Hacker News new | ask | show | jobs
by rurban 1878 days ago
MT is pretty slow. There are fast variants (SFMT), but why use that when can have much better and much faster rngs?

https://rurban.github.io/dieharder/QUALITY.html

2 comments

I don't know about all the other RNGs in this benchmark, but MT prepares a dense/contiguous array of random numbers. The whole computation can be SIMDified (often even by the compiler), but extraction is (unless changed explicitly) a single copy of a double.

If RNG speed matters and you need a lot of random numbers in succession (and I assume these two assumptions correlate strongly) editing MT to directly pull 4 or even 8 random numbers at once (i.e. a `__m256 rand_m256()` interface) is a huge performance gain.

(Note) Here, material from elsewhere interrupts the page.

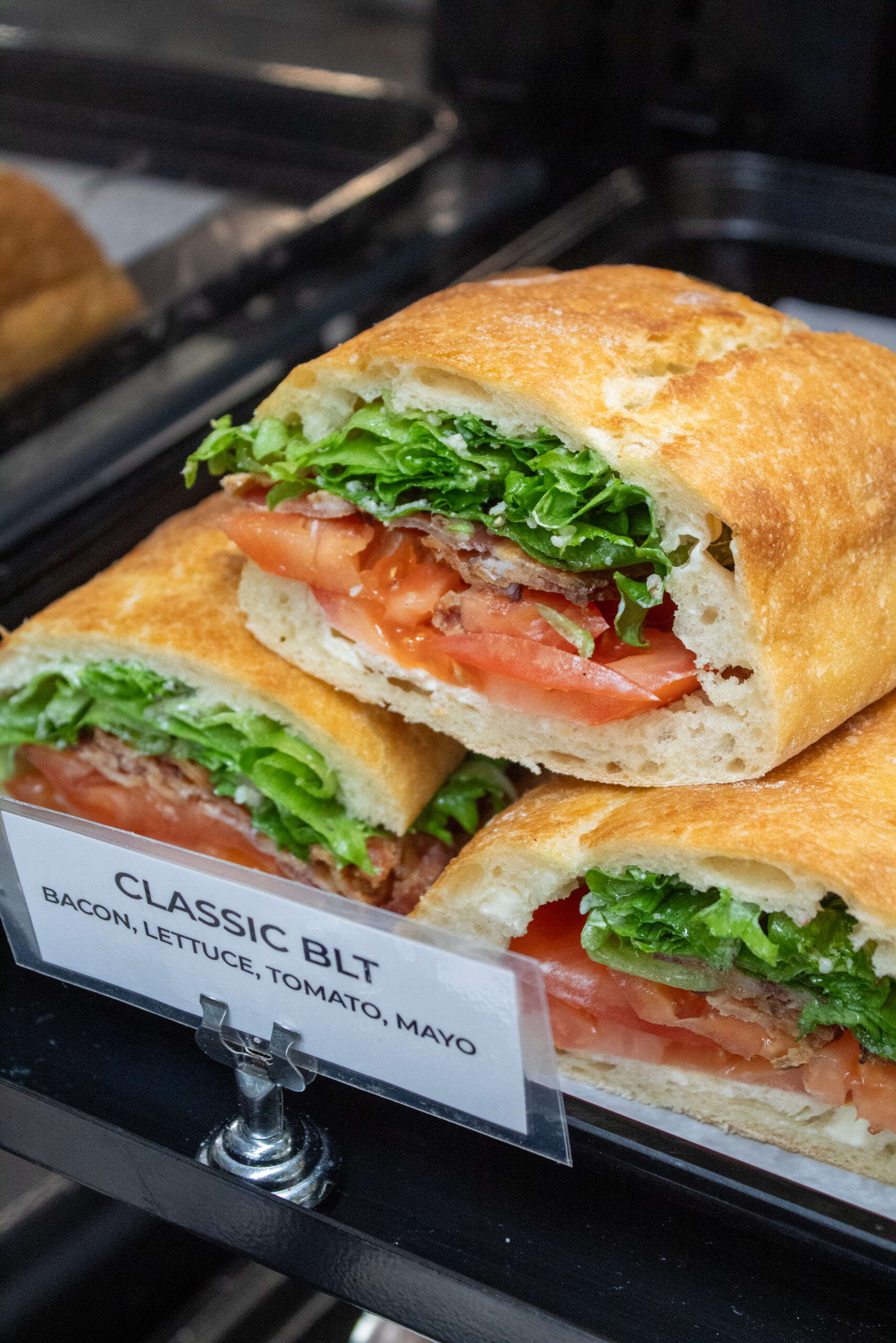 Classic BLT – bacon, heirloom tomatoes & little leaf,  served on ciabatta 17

wyrand (the top spot of the linked benchmark), doesn't have this benefit. The computation can't be SIMDified and the extraction is always a single value.

So I would take these benchmark with a grain of salt and take a closer look at the specific situation for any application where RNG speed really matters.

Wouldn't a SIMDified implementation of other RNGs speed them up by a comparable factor, making MT relatively slower again?
If the next number depends on the previous number (like with wyrand and many others) it can't be simdified.

You could simdify computation with different seeds tho, which might be fine for many purposes. However at that point it's also a custom implementation with a different number sequence than the non-simd version, which isn't the case with a SIMDified MT.

Also xoshiro generators are enough cheaper than MT that even if you couldn't simdify it, you could keep 4 and get run the 4 together in SIMD to get 4 outputs way cheaper than 1 SIMD MT.
It looks like xorshiro was SIMDified in a paper linked in abother post in this tree.
Very useful! Thanks! Aren't there AES related intrinsics for some architectures that can be really fast for rng? How do they compare?